The Chicago Haunt Club built animatronic props this year and we used the basic model of this amp (with the case since the kit was not yet available) along with Prop-1's and Vmusic players to get good sound. This kit works just as well, although I caution users that it does work a lot better with 2-amp supply than 1 amp. The kit price is half the price of the regular (now privately-branded) Dayton T-Amp. If you want the amp with a case and power supply I highly recommend the regular Dayton T-Amp.

Kit Link:http://www.parts-express.com/pe/showdetl.cfm?partnumber=300-385

Here's a great dual-channel speaker that works with this as well if you can mount or create enclosure...

http://www.parts-express.com/pe/showdetl.cfm?Partnumber=299-715

I am using these this year and so far am VERY happy and just wanted to share....too late for this year, but a good start for next...

Freshly Doug


----------



## toymaker (Aug 7, 2009)

i like how you posted a comment plugging the haunter community :jol:


----------



## papabear (Nov 30, 2009)

To use this, I still have to have the sound coming through another device?
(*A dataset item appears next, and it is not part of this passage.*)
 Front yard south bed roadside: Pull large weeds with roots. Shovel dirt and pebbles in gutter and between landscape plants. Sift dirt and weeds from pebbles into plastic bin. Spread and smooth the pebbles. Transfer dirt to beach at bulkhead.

I can't record the sound into it? I've been trying to find something that I can record a sound into and then have it activate with the prop. Not having much luck with a pre-manufactured product.


----------



## psyko99 (Jan 11, 2008)

That's a great find. Thanks for sharing.


----------



## DarkLore (Jan 25, 2009)

papabear said:


> To use this, I still have to have the sound coming through another device? I can't record the sound into it? I've been trying to find something that I can record a sound into and then have it activate with the prop. Not having much luck with a pre-manufactured product.


This thread is a bit old. I'd like to find a good, cheaper solution for amping a speaker. The forum is filled with threads for the 20 second recorder type device...which don't suit my needs.
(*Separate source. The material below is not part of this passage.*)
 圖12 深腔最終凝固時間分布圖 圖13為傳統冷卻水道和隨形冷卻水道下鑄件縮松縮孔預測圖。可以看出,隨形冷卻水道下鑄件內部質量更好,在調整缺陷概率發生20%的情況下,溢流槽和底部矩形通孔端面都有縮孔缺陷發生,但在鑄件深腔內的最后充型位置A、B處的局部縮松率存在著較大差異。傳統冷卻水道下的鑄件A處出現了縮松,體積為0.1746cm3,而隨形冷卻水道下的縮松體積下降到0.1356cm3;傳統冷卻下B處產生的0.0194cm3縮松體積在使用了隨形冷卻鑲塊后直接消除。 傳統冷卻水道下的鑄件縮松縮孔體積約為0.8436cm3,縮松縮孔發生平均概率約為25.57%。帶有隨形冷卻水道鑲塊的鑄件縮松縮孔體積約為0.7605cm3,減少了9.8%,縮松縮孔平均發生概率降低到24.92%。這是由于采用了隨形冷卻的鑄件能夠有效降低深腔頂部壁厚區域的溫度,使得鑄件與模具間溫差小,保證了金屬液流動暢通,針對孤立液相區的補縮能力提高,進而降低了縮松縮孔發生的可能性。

papabear - Take a look at the mp3 trigger listed on Sparkfun.com. The v2 board now comes with 18 triggers for separate sound files. Activating the board simply requires closing any of the trigger contacts. I used a simple micro switch on my coffin door to trigger sound using contact triggers.










This year, I built a monster controller with buttons on the front that activate sound using an mp3 trigger. The sound isn't amplified, but it stores on a memory card and can be amplified with an amplifier like the one mentioned in this thread. (I use a small crate amp.)


----------



## Jaybo (Mar 2, 2009)

That little Dayton T-Amp is very cool. You can also find these things all over eBay. They are all based off of the Tripath amp ICs. Just search on eBay for TA2020, TA2024, or TA2050.

The Dayton Amp is a TA2024 which is 10W per channel and runs on 8v to 16v.

The TA2020 is 20W, and runs on 8v to 16v.

The TA2050 is 100W, and runs on 8v to 36v. You will need at least 24v to get the full power of this one.


----------



## DarkLore (Jan 25, 2009)

Jaybo said:


> That little Dayton T-Amp is very cool. You can also find these things all over eBay. They are all based off of the Tripath amp ICs. Just search on eBay for TA2020, TA2024, or TA2050.
> 
> The Dayton Amp is a TA2024 which is 10W per channel and runs on 8v to 16v.
> 
> ...


the link provided says the TA2024 is 15W per channel.


----------



## hedg12 (Jul 6, 2008)

I have one of the 15 wpc T-amps driving a pair of small bookshelf speakers at work. The sound quality is surprisingly good, and the amp has more than enough power to drive the speakers at an uncomfortable level. I don't think you'd want to use one for a thunder track, but it's more than enough for most props.


----------